Other gold moves included: Saracen, up 20c to $4.70. Regis, up 42c to $6.15. Bellevue, up 5c to 64c. Gold Road, up 24c to $1.62, and Dacian, up 14c to $1.07, a very handy 180% increase on the stock’s low point of 38c reached just two months ago.

Diggers and Dealers, which is always a well-followed event and perhaps the best organised mining conference in the world (believe it or not), produced a mixed bag of share-price moves with roughly half the companies presenting posting modest rises and half losing ground.

Gold stock led the way up. Base metals and battery stocks led the way down with the nickel rise surge coming after the close of the conference.

Away from Diggers and Dealers, about which enough has been written this week, there were a number of other interesting developments which will shape the market in coming weeks, including:

  • Australia moving tantalisingly close to its first current account surplus in 44 years thanks to surging exports and declining imports and while not many people think about big issues such as the current account it could have an interesting effect on the exchange rate – perhaps reversing the recent downward trend.
  • Capital raisings surged last week with multiple small share issues indicating an improving appetite for resource-stock risk with raising by companies such as Galan ($2 million), Coziron ($3 million), Alt ($4 million),Titan ($6 million), Salt Lake Potash ($150 million in project finance), Anglo Australian ($1.4 million), Red 5 ($20 million) and Liontown with its $18 million raising late last week.

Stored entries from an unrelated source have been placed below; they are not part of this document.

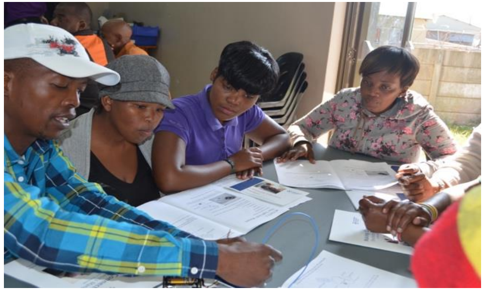
Figure 7d: Energy justice workshop experiments and learning

Throughout the process community members generated their own questions to apply their new knowledge. Asking why their pre-paid electricity is used up quickly, some members calculated the ampere hours appliances in their household use. A young man in one group expanded the lemon battery activity and connected five lemons in an electrical series, creating more than 1.5 volts of battery power. He then successfully used this to power his hand-held calculator (see Figure 7c). Delighted with his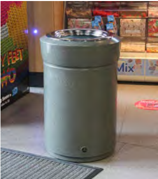
Statesman™ Litter Bin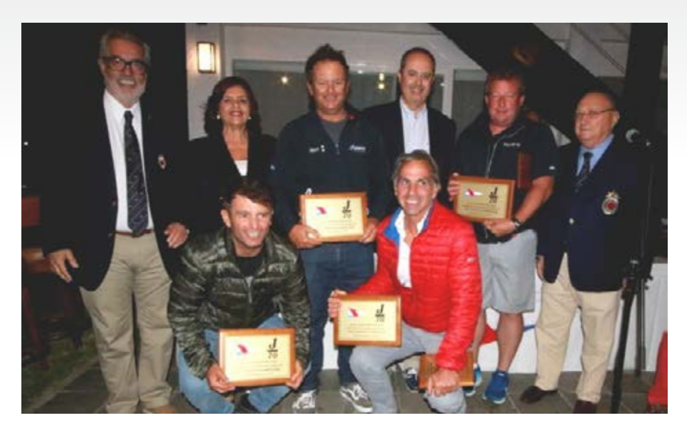
J/70 Momentum • Volume 8 • Issue 1 • WINTER 2020 • Page 6

Pictures can be viewed at <u>https://www.</u> <u>dropbox.com/sh/elp85626etn4lid/</u> <u>AADQf4H2KrYn73X3cVuQOiXWa?dl=0</u>.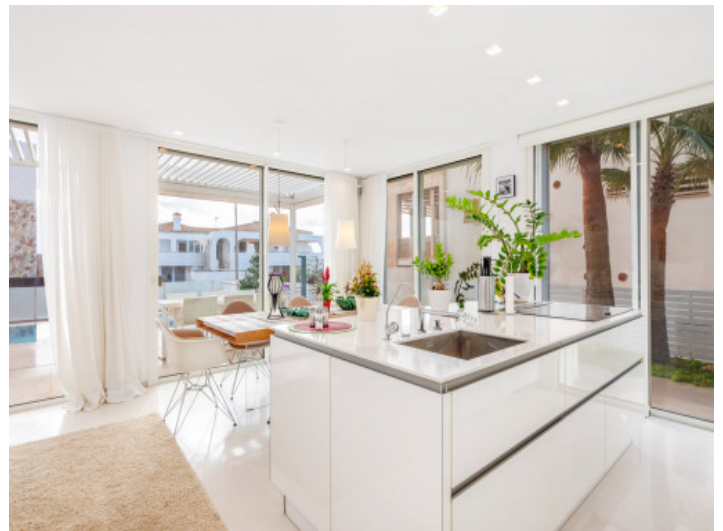
Comfortable kitchen island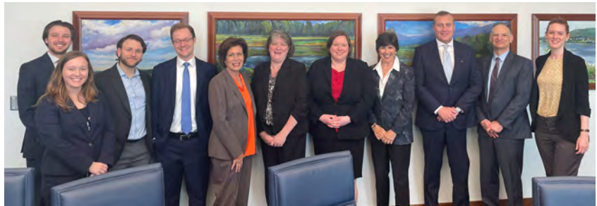
Judge Schwab, Judge Kane, and Judge Bloom among the Brown Bag Lunch Attendees

Discussion was dynamic and lively between the judges and attendees, and topics of conversation ranged all the way from informal and light-hearted to more practice-focused and professional. Attendees asked about the judges' preferences on discovery disputes, the most impactful appearances they have seen in court, and their personal heroes, talents, and favorites.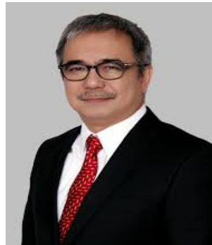
Secretary Fortunato dela Peña

Earlier in a virtual presser, dela Peña reiterated that RapidPass is the DOST's contribution to help the Philippine National Police lessen contacts at the checkpoints.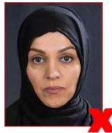
Background too dark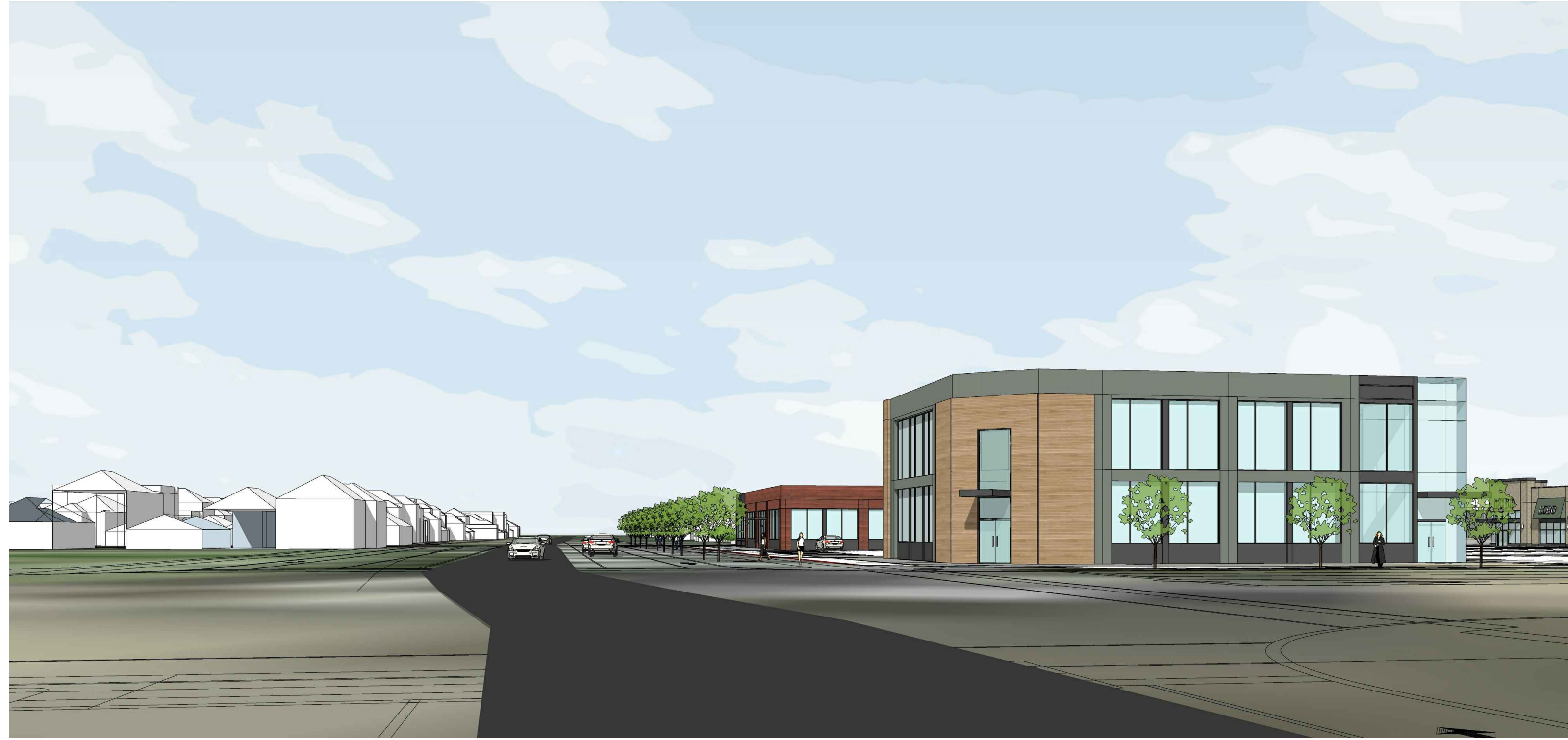
STREET VIEW LOOKING EAST UP CAMBRIAN ROAD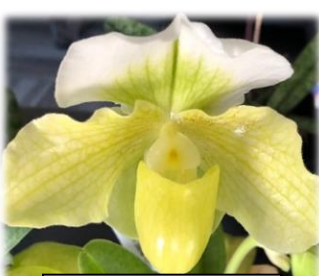
Paph. Baroness Byford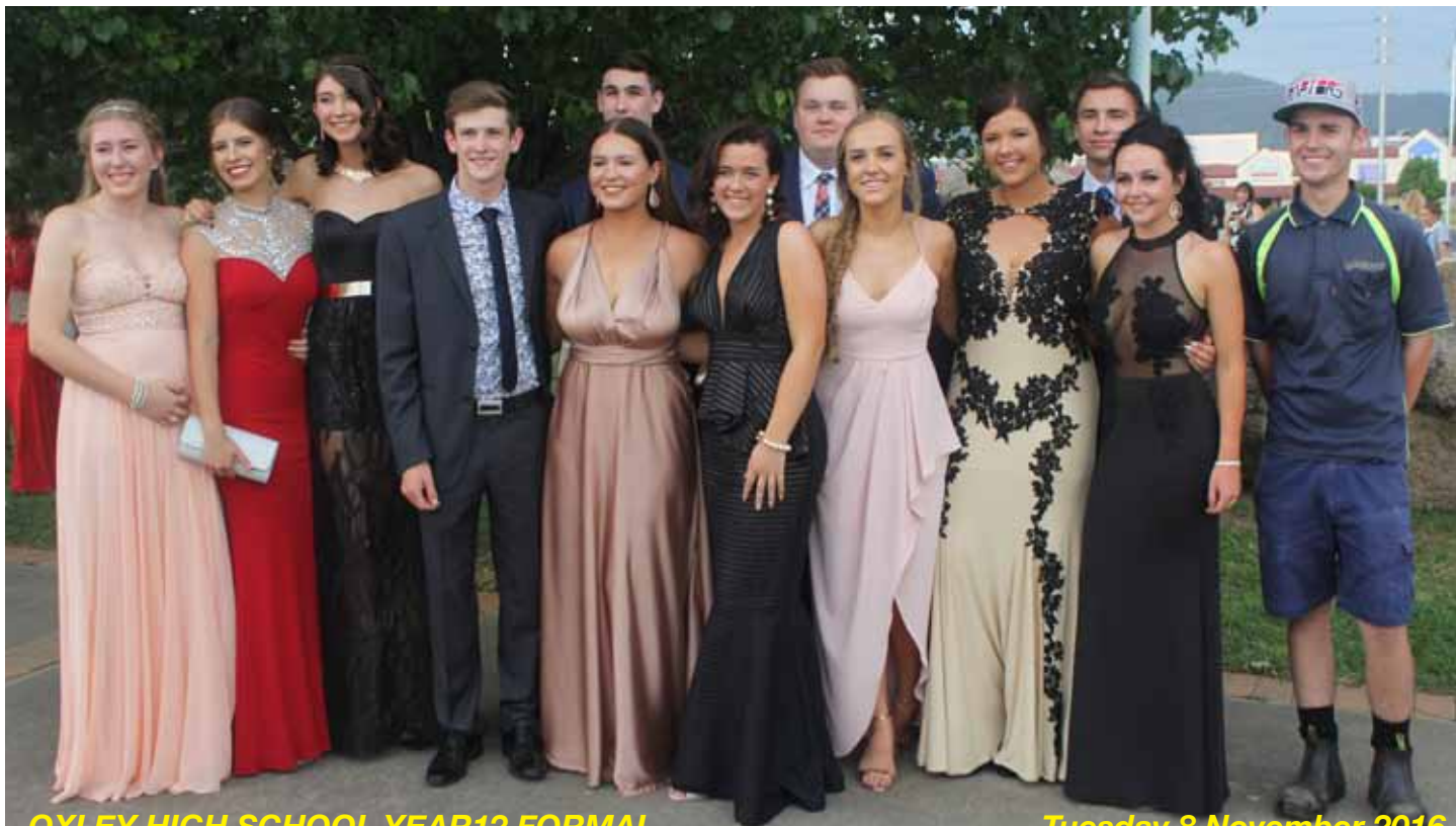
OXLEY HIGH SCHOOL YEAR12 FORMAL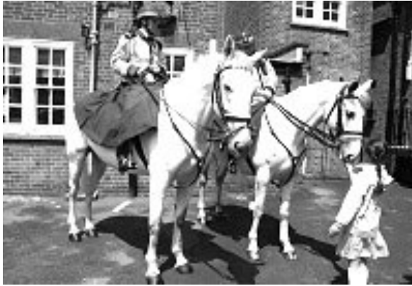
Police horses enjoy a snack.

On June 18th 2011, residents were able to tour Northwood Police Station as part of its 100th birthday celebrations. Lots of visitors enjoyed a nostalgic exhibition of police memorabilia including cars from the 1950s, 60s and 70s. It was good to see several former Northwood police officers there as well as two mounted police from Hammersmith and a dog-handling team.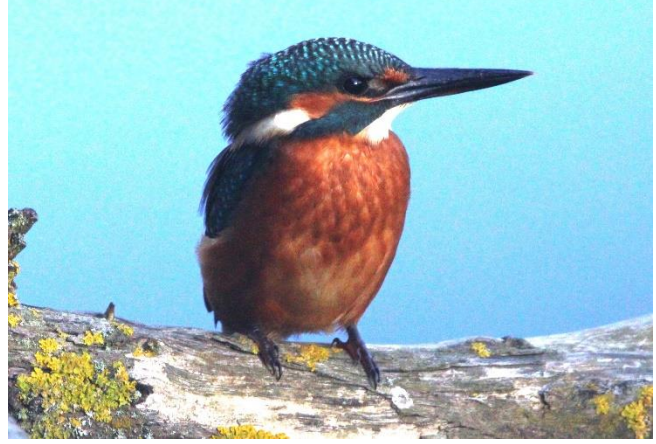
The photo above shows a Juvenile female.

Other news and market-moving events during the week included:

  • Galaxy said it would take a hefty ($US150 million to $US185 million) impairment charge against its lithium assets because of concern about the carrying value of inventory and its lithium-producing assets, a move which failed to dent the share price which hung on to $1.26 though the write-down of lithium assets could be the start of a trend.
  • Westgold Resources added 32c to $2.24 after announcing a plan to demerge its polymetallic assets which include the Rover 1 copper discovery in the Northern Territory.
  • Apollo Consolidated reported fresh drilling success at its Lake Rebecca project near Kalgoorlie with a best intersection of 29 metres at 4.1 grams of gold a tonne from a depth of 234m. On the market, Apollo added 5c to 28c.
  • Kingsrose Mining continued its recovery with a 1.3c share-price rise to 5c after reporting the resumption of ore processing at its Way Linggo project in Indonesia.
  • Bellevue Gold, as mentioned earlier, added 5c to 64c after its latest drilling results which featured 3.6m at 18.3g/t from 654m.
  • Myanmar Metals received a less-than sparkling response to a report that it now has a 100 million tonne resource in its Bawdin zinc and lead project in Myanmar. An initial share-price rise of 0.4c was cancelled out with the stock closing steady at 5.8c.
  • Danakali said it had received credit approval to help pay for a power station planned at its emerging Colluli potash project in the North African country of Eritrea, news which lifted the stock by 6.5c to 74.5c.
  • Lucapa reported the recovery of a high-quality 64 carat gem from its Mothae diamond project in Lesotho and the receipt of $8.8 million from diamond sales. On the market the stock was steady at 16c, and
  • Neometals added 1c to 19c after reporting encouraging results from drilling at its Mt Edwards project near Kambalda in WA including 11m at 2.6% nickel from a depth of 108m, with a 4m section assaying 6.3% nickel.